The target frame is correctly map
, it is available only if the zed_nodenis publishing the map -> odom
transform
@Myzhar Thanks for your reply. I was able to solve this problem by doing the following:
I realized that I shouldn't create the listener in the callback.
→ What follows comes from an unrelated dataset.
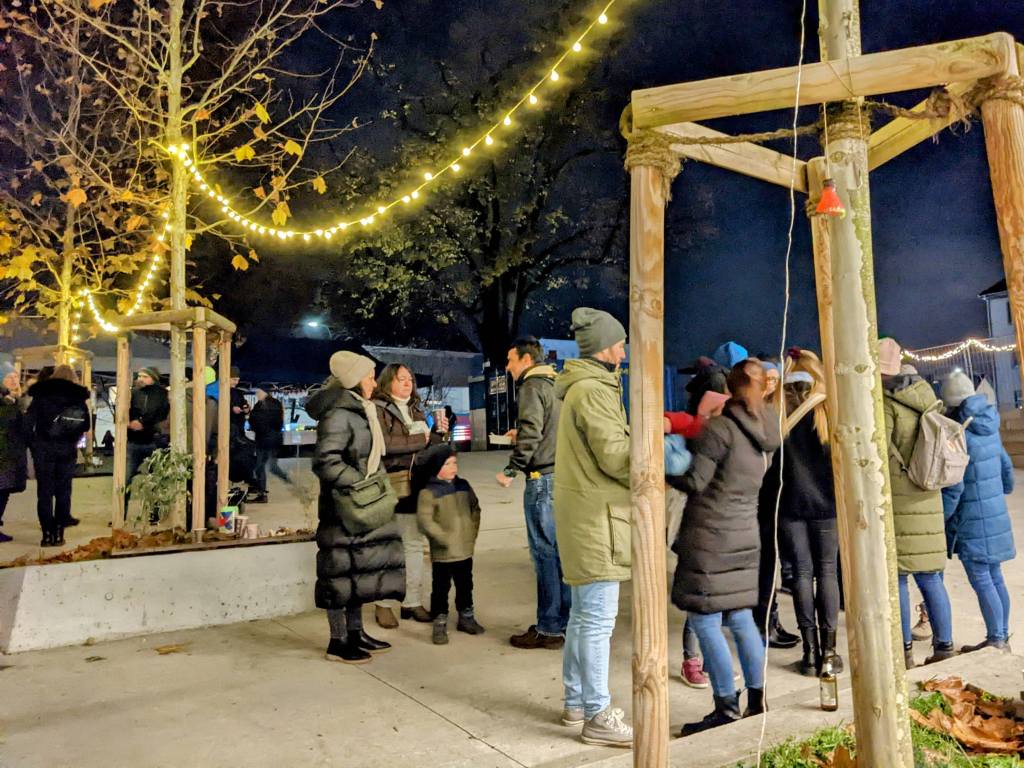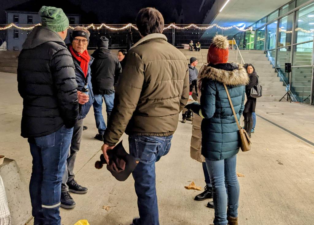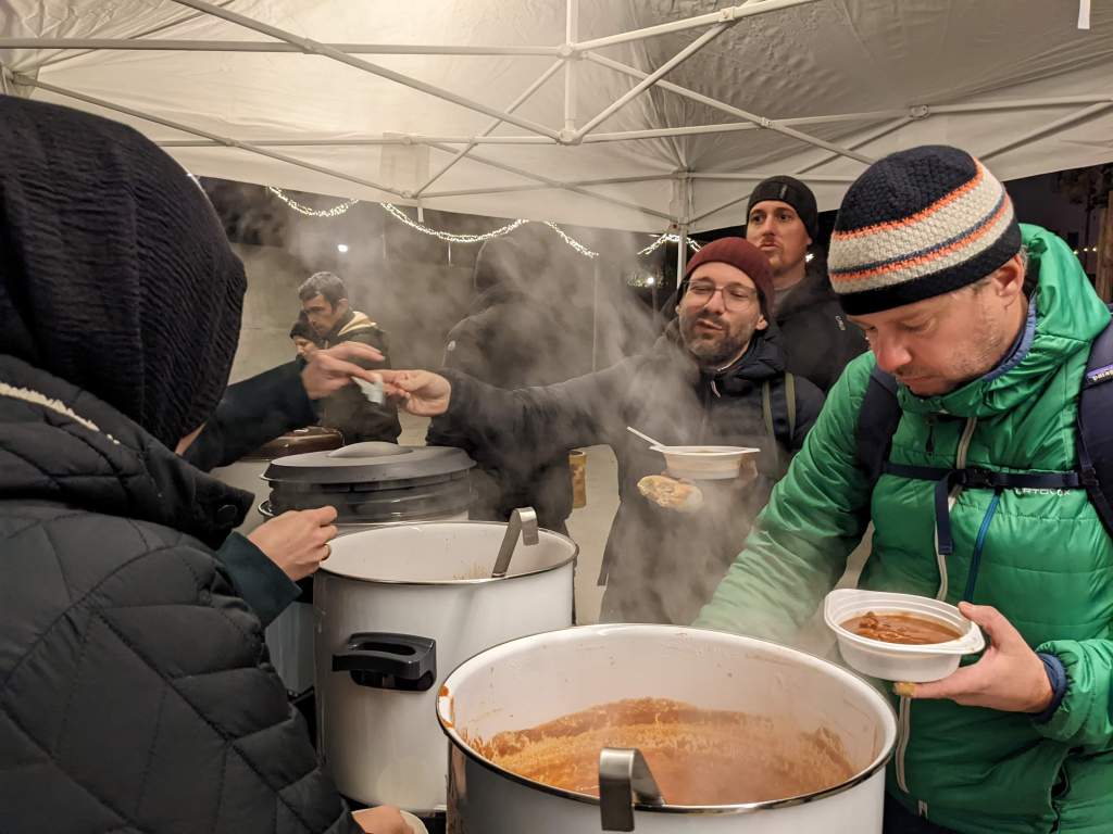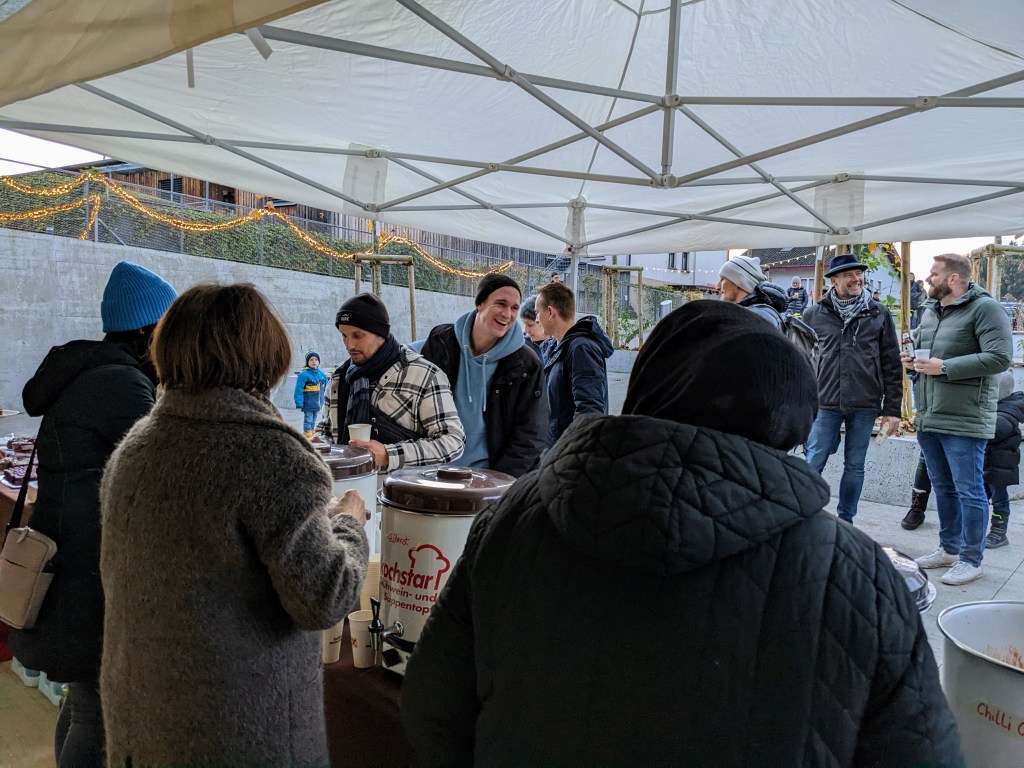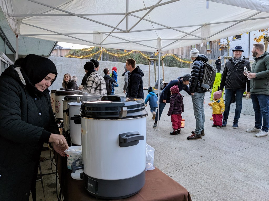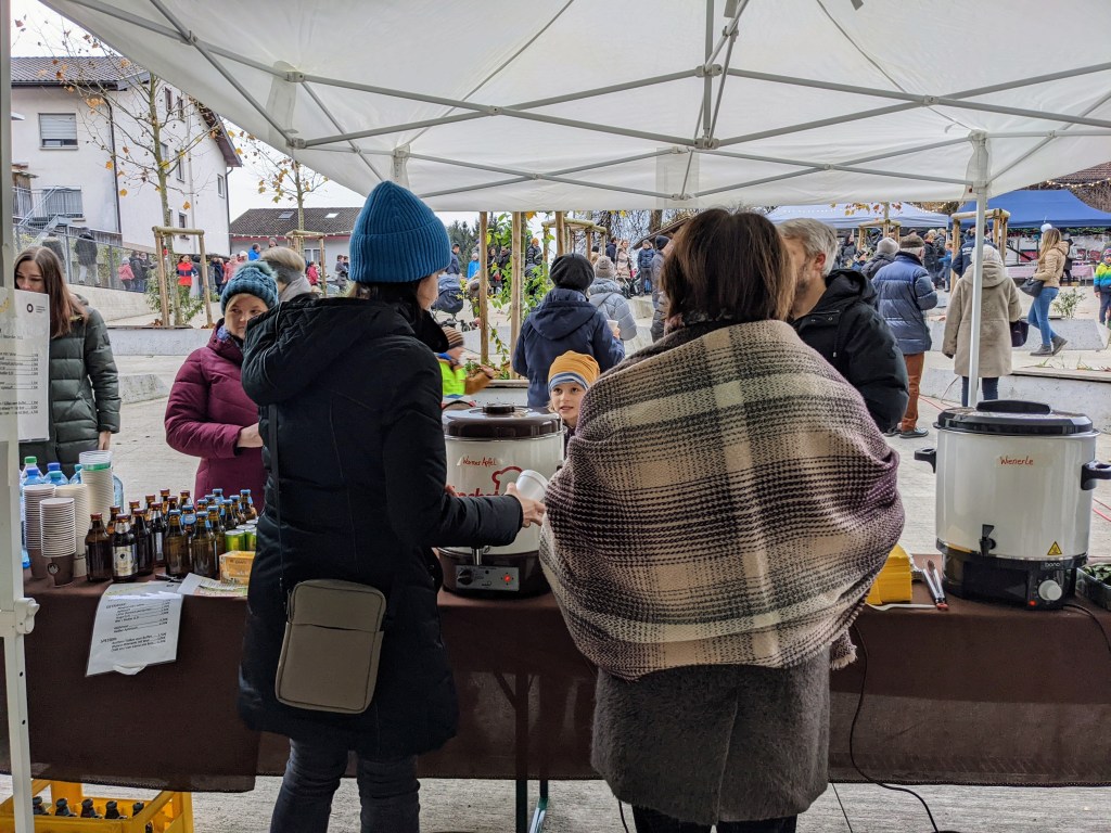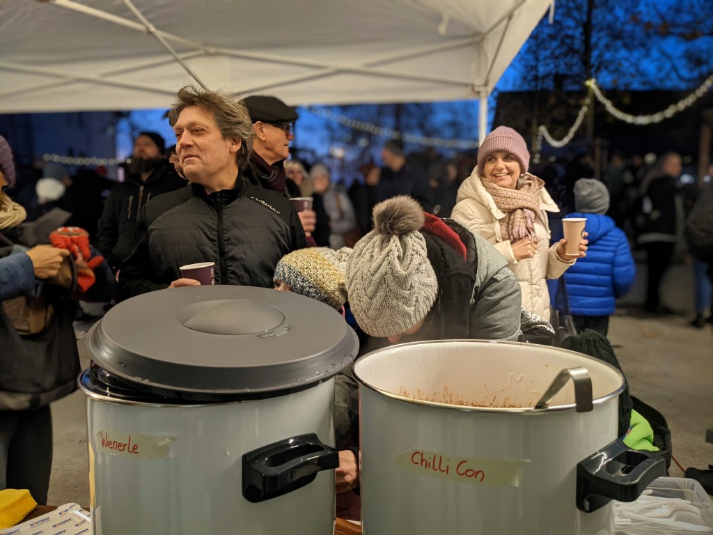Nach den Aufführungen wurde es langsam dunkler. Zum Aufwärmen bei den frostigen Temperaturen gab es heißen, winterlichen Apfelsaft, Glühmost und Chilli con/sin carne.

Instead, I should listen for the transformation in the main loop, and then apply the transformation in the point cloud call back.
#include <ros/ros.h>
#include <ros/console.h>
// PCL specific includes
#include <sensor_msgs/PointCloud2.h>
#include <pcl_conversions/pcl_conversions.h>
#include <pcl/point_cloud.h>
#include <pcl/point_types.h>
#include <pcl/ModelCoefficients.h>
#include <pcl/io/pcd_io.h>
#include <pcl/point_types.h>
#include <pcl/filters/extract_indices.h>
#include <pcl/sample_consensus/method_types.h>
#include <pcl/sample_consensus/model_types.h>
#include <pcl/segmentation/sac_segmentation.h>
#include <pcl_ros/transforms.h>
ros::Publisher pub;
tf::StampedTransform transform;
void cloud_callback (const sensor_msgs::PointCloud2ConstPtr& input)
{
// Create a container for the data.
pcl::PointCloud<pcl::PointXYZ>::Ptr cloud_transformed(new pcl::PointCloud<pcl::PointXYZ>);
pcl::PointCloud<pcl::PointXYZ>::Ptr temp_cloud(new pcl::PointCloud<pcl::PointXYZ>);
pcl::PCLPointCloud2 pcl_pc2;
pcl_conversions::toPCL(*input, pcl_pc2);
pcl::fromPCLPointCloud2(pcl_pc2,*temp_cloud);
pcl_ros::transformPointCloud(*temp_cloud, *cloud_transformed, transform);
sensor_msgs::PointCloud2 cloud_publish;
pcl::toROSMsg(*cloud_transformed,cloud_publish);
cloud_publish.header = input->header;
pub.publish(cloud_publish);
}
int main (int argc, char** argv){
// Initialize ROS
ROS_INFO("Node started");
ros::init (argc, argv, "point_cloud_transform");
ros::NodeHandle nh;
// Create a ROS subscriber for the input point cloud
ros::Subscriber sub = nh.subscribe ("/zed/point_cloud/cloud_registered", 1, cloud_callback);
// Create a ROS publisher for the output point cloud
pub = nh.advertise<sensor_msgs::PointCloud2> ("/point_cloud/cloud_transformed", 1);
tf::TransformListener listener;
ros::Rate rate(30.0);
while (nh.ok()){
try{
listener.lookupTransform("map", "zed_camera_center", ros::Time(), transform);
}
catch (tf::TransformException ex){
ROS_ERROR("%s",ex.what());
}
ros::spinOnce();
rate.sleep();
}
ros::spin();
return 0;
}
Yes, that's correct.
It is even better if you use a tf2::Buffer
like we do in the ZED wrapper:
@Myzhar @NeilNie Is there specific documentation for tf
? I desperately need to transform point-cloud from camera frame to map frame.
@nalinraur the code that @NeilNie has shared does exactly what you are searching for.
You can adapt it to your needings
Is the point cloud data with respect to the map frame or is it with respect to the camera coordinate frame?